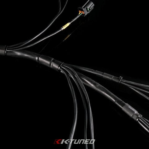 The K-Tuned Tucked Engine Harness is designed as a high quality replacement 02-04 RSX Type-S harness that offers a super clean look. We have made the harness with lots of features so it will work with nearly all K-Series engine swaps and the 02-04 RSX Type S. It includes all the necessary plugs with a handful of extras (Fan Switch, IACV, Temp Sensor, ETC). We used only SAE certified automotive grade wiring resistant to moisture and most solvents to ensure quality and durability. High quality military grade heat shrink loom is used to cover entire harness which is resistant to gas and diesel. It is rated for -55? C to 150? C (-67? F to 320? F). We have also used a popular and clean tucked wire layout. The main harness runs over the valve cover and even hides the injector plugs, which come up from under the manifold. RSX injector plugs come with all harnesses. The pins on RSX injector plugs can be fitted into the oem RDX plugs which makes switching quick and simple. We have incorporated the charge harness and alternator power wire into the harness. We used a thin, but high grade power wire to help keep the overall size down. On swap chassis, the power wire will work with fuse box in factory location or relocated under the dash. Separate power wire is available for other chassis and those that prefer to run their own charge wiring. Everything is labeled clearly to ensure a simple installation and no confusion.
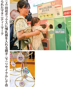 ピジョンでは、プラスチック製と耐熱ガラス製の2種類の哺乳器を展開しており、プラ製のものは、素材ごとに分別を行い、リサイクル工場で粉砕、再生原料化。プランター、食品・薬品工場ラインの配管などに活用し、ガラス製は路盤材などの製造原料の一部にリサイクルしている。今回のイベントでは、使用済みの哺乳びんを砕いたプラスチックからオリジナルのマタニティーマークをつくるワークショップも同時開催した。
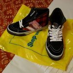 挑來挑去挑上一雙2990円的男款(式樣應該跟上面那雙相同吧?)但是size沒有我的,石井先生很努力地找來另外一雙同色系、樣式也差不多的3990円款,二話不說直接也算2990円。那就買吧^^
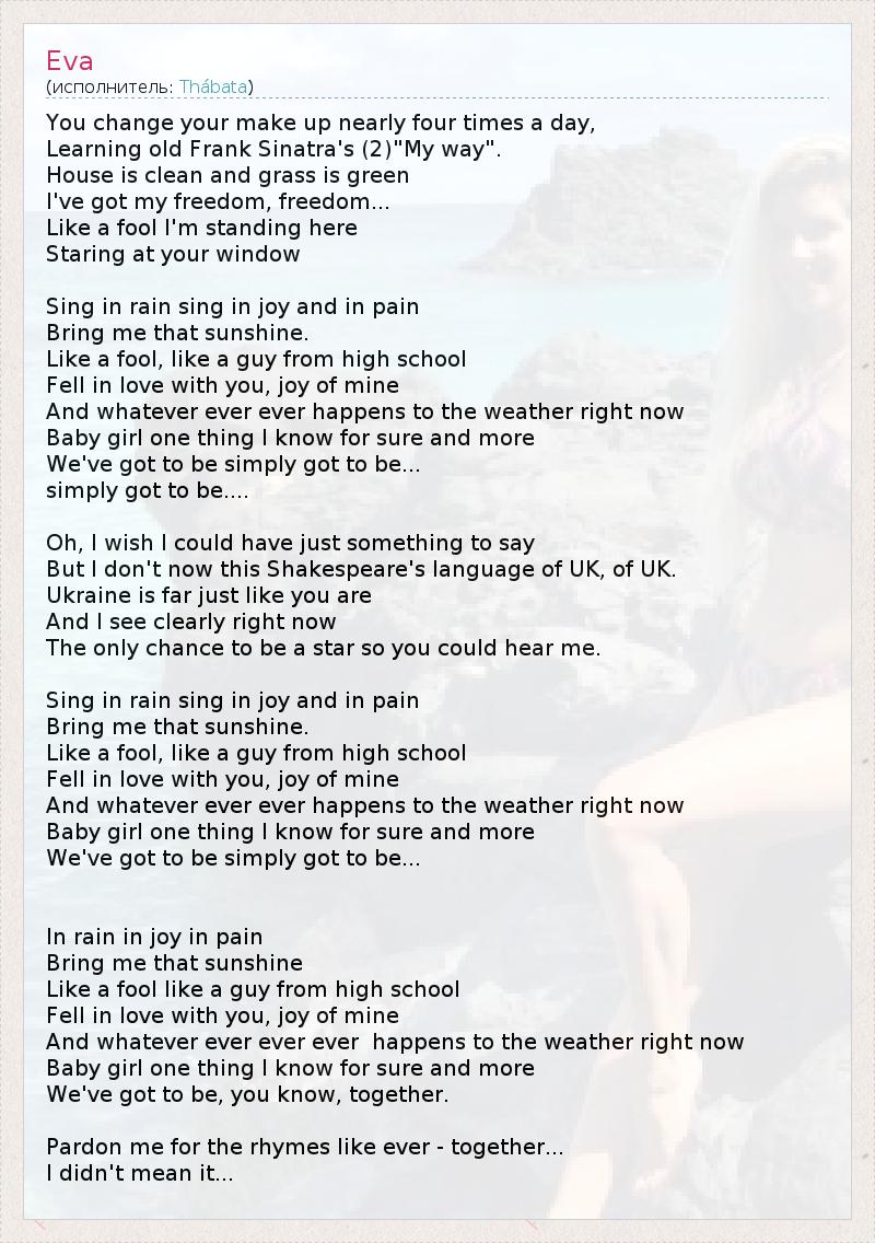 You change your make up nearly four times a day, Learning old Frank Sinatra's (2)"My way". House is clean and grass is green I've got my freedom, freedom... Like a fool I'm standing here Staring at your window Sing in rain sing in joy and in pain Bring me that sunshine. Like a fool, like a guy from high school Fell in love with you, joy of mine And whatever ever ever happens to the weather right now Baby girl one thing I know for sure and more We've got to be simply got to be... simply got to be.... Oh, I wish I could have just something to say But I don't now this Shakespeare's language of UK, of UK. Ukraine is far just like you are And I see clearly right now The only chance to be a star so you could hear me. Sing in rain sing in joy and in pain Bring me that sunshine. Like a fool, like a guy from high school Fell in love with you, joy of mine And whatever ever ever happens to the weather right now Baby girl one thing I know for sure and more We've got to be simply got to be... In rain in joy in pain Bring me that sunshine Like a fool like a guy from high school Fell in love with you, joy of mine And whatever ever ever ever happens to the weather right now Baby girl one thing I know for sure and more We've got to be, you know, together. Pardon me for the rhymes like ever - together... I didn't mean it...
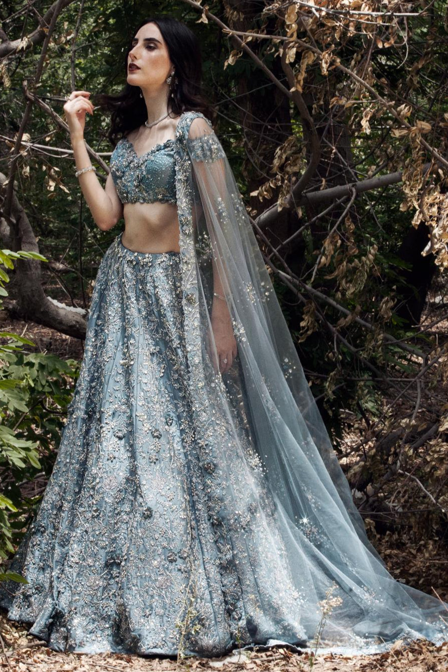 Cerulean blue 3d flower embellished lehanga set
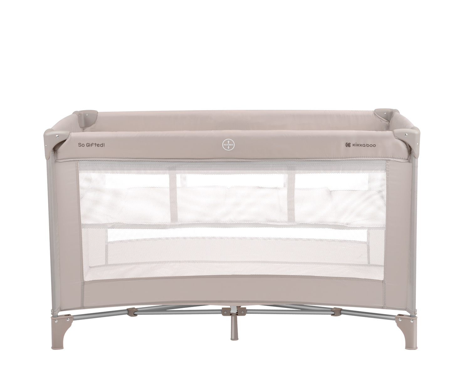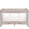 Второ ниво:• Подходящо за деца до 6 месеца, с тегло до 9кг; Първо ниво: • Подходящо за деца от 6 до 36 месеца, с тегло до 15кг; • 2 нива за спане, второто се премахва с цип;• Мрежести части от двете страни за по-добра вентилация;• Страничен отвор с цип;• Мека Подложка; • Закачлив дизайн;• Компактна в сгънато положение;• Чанта за пренасяне. Размери:- Продукт: 69x127x75.5 см / 8.7 кг- Кашон: 77.7x21x21 см / 9.2 кг
----------------
- Task requirements -
Only the lines from the one containing "Cerulean blue 3d" to the end of the listing belong in the answer, exactly as they stand and with no pictures.

- Exercise response -
 Cerulean blue 3d flower embellished lehanga set
 Второ ниво:• Подходящо за деца до 6 месеца, с тегло до 9кг; Първо ниво: • Подходящо за деца от 6 до 36 месеца, с тегло до 15кг; • 2 нива за спане, второто се премахва с цип;• Мрежести части от двете страни за по-добра вентилация;• Страничен отвор с цип;• Мека Подложка; • Закачлив дизайн;• Компактна в сгънато положение;• Чанта за пренасяне. Размери:- Продукт: 69x127x75.5 см / 8.7 кг- Кашон: 77.7x21x21 см / 9.2 кг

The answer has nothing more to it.